Skip links

Tessitura a mano Giuditta Brozzetti

giuditta brozzetti
brozzetti cuscini
marta brozzetti
brozzetti cuscini

The history of weaving in Umbria has antique roots: the so-called “Perugia Tablecloths” were the strong point of the great weaving tradition in medieval Perugia.

As early as the late 12th century, the Perugia Tablecloths were used as altar cloths in the churches of Central Italy.

The importance of these cloths as part of the liturgical altar decoration is documented by how frequently they appear in the works of the most famous artists of the 14th and 15th centuries: from Giotto to Ghirlandaio to Leonardo da Vinci, to name just a few.

Throughout the centuries, Perugia altar cloths are listed in numerous inventories of important Italian and foreign churches and convents. Testifying to the wider domestic use of these textiles, they were also frequently mentioned in the legal documents of “dowries”.

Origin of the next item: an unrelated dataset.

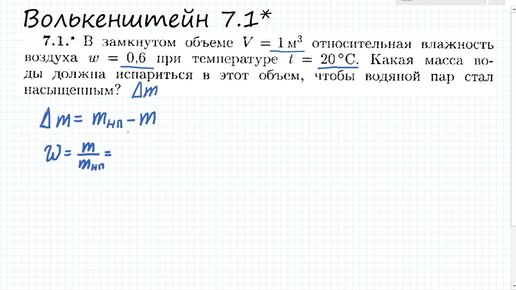 В замкнутом объеме V=1м^3 относительная влажность воздуха w=0,6: Волькенштейн 7.1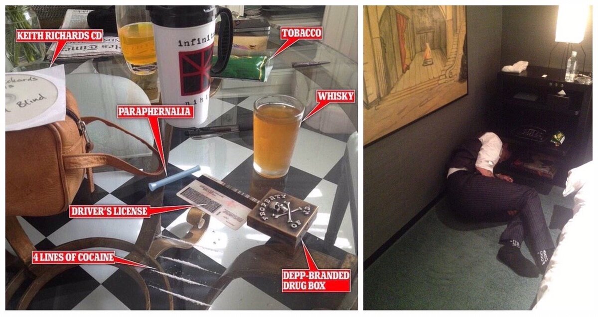 В Британии вовсю идет «суд века» между бывшими супругами Джонни Деппом и Эмбер Херд Напомним, Херд через СМИ обвинила Деппа в насилии и побоях, на что тот подал ответный иск за клевету и предоставил доказательства того, что Херд над ним издевалась и била. За время суда на обоих выльется много грязи, но Херд начала публично и с козырей — показала фотографию «завтрака» Джонни. В него входит 4 дорожки кокаина, стакан виски, табак и некие таблетки в коробочке. Актер ничего не стал отрицать, только отметил, что его бывшая жена была не прочь присоединяться к такой «трапезе», а ещё напомнил, что бывшая насрала ему в постель и отрезала кусок пальца.

Emblematic is the citation of “Perugia tablecloths and pannili” among the items listed in the inventory of Caterina de’ Medici’s dowry at the time of her marriage to Francesco II of France.

From the 16th century on there was a slow decline in the diffusion of this type of textile. By the end of the 19th century the production is limited to private homes and convents of Umbria and the Marche.


The Workshop – School of Giuditta Brozzetti


During World War I, Giuditta was nominated Elementary School Superintendent of Perugia. During her frequent horse carriage jaunts around the rural areas of the territory to inspect the various schools under her jurisdiction, she rediscovered the antique weaving tradition that was still alive in the peasants’ homes.

Giuditta became an expert appraiser, collecting the most beautiful textiles and bringing them to Perugia where they were displayed at the “Permanent Italian Decorative Arts” exhibition and sold. The profits soon became an important source of income and emancipation for the rural female population.

As the men returned after the end of the war, Giuditta resigned her post as Superintendent to make room for the veterans. In 1921 she began her entrepreneurial “adventure” by opening the Textile Workshop of Hand Weaving where she reproduced, along with the traditional Umbrian textiles, some of the most beautiful damasks of the past. At that time, and remarkably still today, the Workshop uses both the four-heddle traditional manual foot-looms to produce the “rustic textiles” so typical of the rural areas, as well as, the “jacquard” looms (copyright Vincenzi, 1836) to weave both damasks and the Perugia tablecloths. Most of the iconographic research was done by Giuditta who commissioned the famous wood-engraver, Bruno da Osimo, to make the patterns.

Under the entrepreneurial impulse of its founder, the Giuditta Brozzetti Workshop became one of the most well known and most prestigious workshops of traditional, artistic textiles in Italy. Giuditta’s daughter, Eleonora, took over the business in 1957, adding textiles for fashion designers. One of her models won a designer award in Milan. For many years, Eleonora was flanked by her daughter Clara. Following her interest in history and iconography, Clara did considerable research on the Perugia Tablecoths and worked on authentic reproductions of these historic textiles.

In 1995 Clara’s daughter, Marta, took over the management of the Giuditta Brozzetti Hand Weaving Workshop – thus ushering in the fourth generation. Marta, developing an idea of her mother, transferred the Workshop to the church of San Francesco delle Donne. An interior designer, Marta, expresses her creativity by designing and weaving textiles for the home. Today the Workshop is in continuous evolution: along with its traditional production, new ideas are experimented in an attempt to find modern solutions within the antique Umbrian textile tradition.